Bank of America is the bank mentioned in our recent story about lenders suing homeowners for the amount of the mortgage that remains after a foreclosure, but it may be that smaller banks are more likely than large ones to pursue what are called deficiency claims.

Terri Pickens, an attorney with Pickens Law in Boise, has come to that conclusion, based on her experience representing clients who have been served with deficiency judgments.  “The small banks pursue everything,” she said.  “I have not seen Bank of America pursue them.  In my clients’ cases, whether it was a modest house to a multimillion dollar house, they haven’t gone after the deficiency.”  Attorney Brian Webb of Angstman Johnson agrees with Pickens’ analysis.

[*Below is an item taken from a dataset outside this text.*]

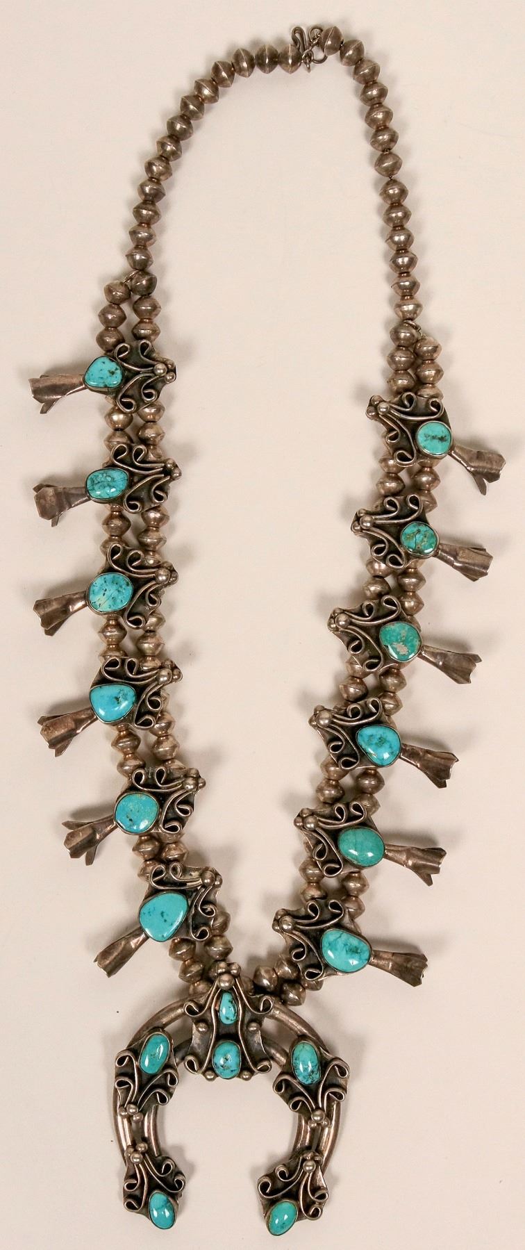 Great older Navajo turquoise squash blossom, looks to be around 1950’s to 1960’ piece,a nice patina has built up on all the silver, the naja is about 3-1/4” tall by 2-3/4” across with six beautiful turquoise nuggets, this is an unmarked piece measuring at about 15-1/2” top to bottom.

As for the banks, large and small, they prefer to say little on the subject.  I called and e-mailed several, asking for information about how they determine when to pursue deficiency claims.  A Wells Fargo spokesman issued this brief response: “Where permitted, we may pursue deficiency judgments on a case-by-case basis.”  Bank of America has yet to reply, two weeks after StateImpact Idaho‘s initial request and despite significant follow-up.

Spokane-based Sterling Savings Bank was described in interviews with Pickens and another attorney as a bank that has been especially persistent about filing deficiency judgments against homeowners.  I called the bank to ask about it.  In an e-mailed response, a spokeswoman said only that Sterling Savings does have  policies for determining when to pursue former homeowners for deficiencies, but those policies are internal.  “Deficiency judgements are extremely complex and are only pursued as a way to seek repayment for monies rightfully owed to the bank,” she wrote.

However, this 2010 article from The Oregonian, featuring an interview with Sterling President and CEO Greg Seibly, sheds a bit of light.  According to the article, the bank, which had missed a deadline from federal and state regulators to raise new capital, “launched an aggressive legal campaign to recover its losses.”

This fits with attorney Terri Pickens’ hypothesis about why some banks are more likely than others to file deficiency claims.  “It’s basically the banks that need the capital,” she said.